Наиболее убедительным признаком одаренности Леонова кажется мне его способность вести «полифоническое» повествование, по образцу Достоевского или Толстого. Тема леоновского романа – не отдельная жизнь и не отдельный случай. Леонов «пишет картину»: очень медленно, очень тяжело, лениво, долго раскачиваясь. Только на половине романа – как в «Бесах», например – понимаешь, в чем его тема: целый кусок жизни, сплетение индивидуальных судеб, без центра, не поддающееся пересказу. Самая способность так построить роман встречается не часто.

Леонов тщательно выписывает подробности, путается в них, вставляет рассказы, не имеющие отношения к целому. Неуверенный ни в чем, он сбивается то на Пильняка, то на «Капитанскую дочку», то на Лескова и Замятина. Невозможно перечислить все влияния, ощутимые в его книге. Ни одно из них не «переварено». Нет в его книге, кажется, ни одной страницы, которую читаешь не то что с удовольствием — где уж тут до удовольствия! — а хотя бы с удовлетворением, как после вещей трудных, громоздких, но внутренне оправданных. Нет, читаешь, как в наказание. Прочтя же, чувствуешь, что прочесть все-таки стоило, что вещь не пустая и не плоская. Только тесто в ней совсем еще сырое и, несмотря на сырость, уже скисшее. «Барсуки» — роман из жизни «зеленых», т. е. дезертиров. Начинается он с довоенных времен: московский купеческий быт, вроде быта Островского. Эта часть романа лучше второй, где описывается деревня, застигнутая революцией. В конце романа эпизодически появляется «герой» — усмиритель зеленых, комиссар Антон. Введя это высокопоставленное лицо в роман, Леонов внезапно сбивается на сытый, площадной, оперный романтизм.

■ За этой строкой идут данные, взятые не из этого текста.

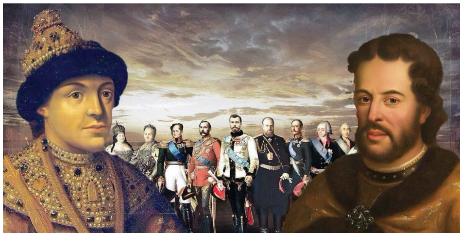
Федор Алексеевич и Иван Алексеевич Романовы
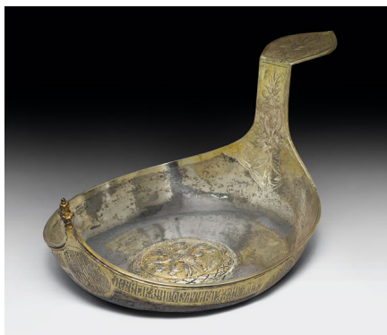
1179 KOVSH DE PRÉSENTATION D'IVAN V. ET PIERRE LE GRAND Moscou, 1681/82. Argent partiellement doré, avec une inscription des deux Tsars. Vendu pour CHF 152 900
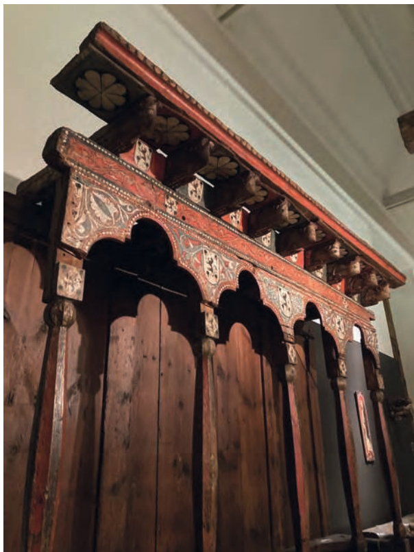
Figure 10 — Madrid, Museo Arqueológico Nacional, détail des stalles provenant du couvent Santa Clara à Astudillo (Castille-et-Léon), vers 1353. G. Meyer-Fernandez.
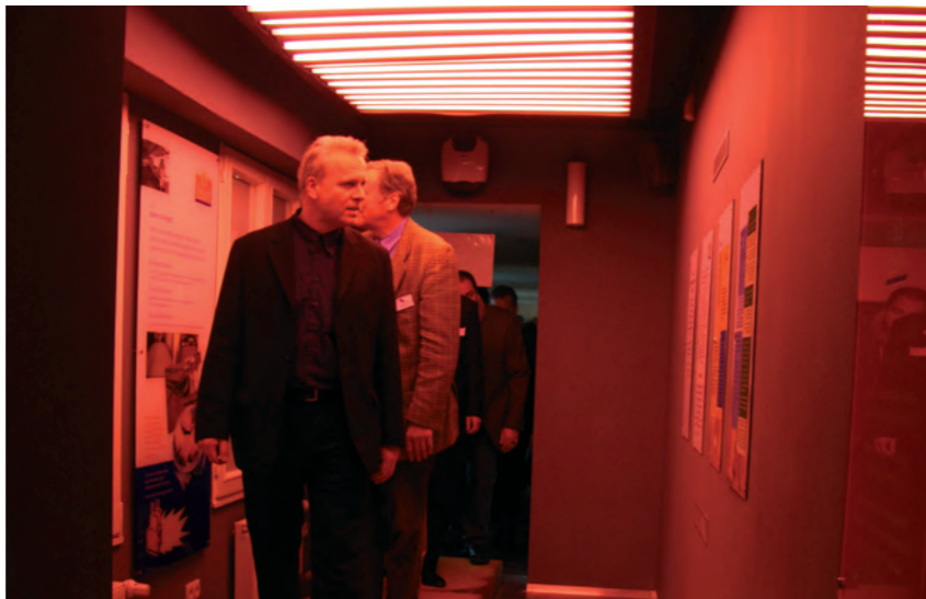
Heiße Infos: Der Weg durch die museale Zwieback-Produktion führttauch geradewegs durch die Rösterei, wo sich die MC-Mitglieder unter der Hitze der Heizstäbe mit Infos eindecken konnten.

Brandt aus Hagen? Aber natürlich: Über 70 Mitarbeiter arbeiten inzwi-
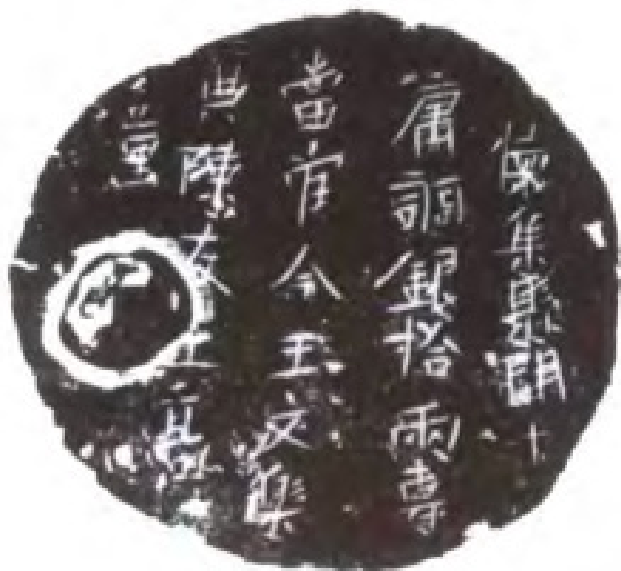
唐开元十年(722年)怀集县上缴的庸调银饼(1970年于西安市何家村出土)

Но по природе сатирическое дарование, принужденное живописать безупречного героя, вполне беспомощно.

Любопытно, что в основе романа лежит анекдот о вздорной столетней вражде двух деревень – вроде Ивана Ивановича с Иваном Никифоровичем. Это придает всем описанным бедствиям и ужасам характер трагикомический.

«Скучно на этом свете, господа!» – можно было сказать и в конце «Барсуков».


2.

Очень часто все искусство писателя направлено на то, чтобы скрыть недостаток силы. Так ведь и опытные певцы иногда скрывают пороки или слабости голоса, не берясь за трудные для них вещи, подчеркивая то, что им наверно удастся.

Но какая радость слышать голос, свободно идущий всюду, куда вздумается, не знающий предела, конца, утомления, преодолевающий все препятствия, неудержимо растущий именно в тот момент, когда, казалось бы, он должен ослабеть.

Это чувство испытали, вероятно, все читавшие вновь найденные толстовские варианты к «Войне и миру» и «Детству», в особенности удивительную «Прогулку» из «Детства», напечатанную в одном из недавних номеров «Последних новостей».

Толстой эти страницы не включил в роман. Они далеко не лучшее из им написанного. Но в них целиком есть вся несравненная толстовская легкость, исчерпывающая полнота письма, спокойствие, уверенность, которой нет ни у кого. Толстой как будто знает, что жертва от него не уйдет. Поэтому он не торопится. Николенька с Володей и отцом входят в кондитерскую. Главное – это описать, как отец будет ухаживать за француженкой-продавщицей. Но до этого Толстой опишет еще многое, мимоходом, как бы от одного удовольствия описывать, и совсем не заботясь ни о безошибочной точности, как Флобер, ни об изящно-напускной небрежности, как большинство новых. Все приходит само собой, «Божьей милостью». Когда же он, наконец, берется за отца с француженкой, то с тем же спокойствием, со спокойным и уверенным многословием, он разлагает их так, что все видишь насквозь и, кажется, узнал бы их, встретя на улице.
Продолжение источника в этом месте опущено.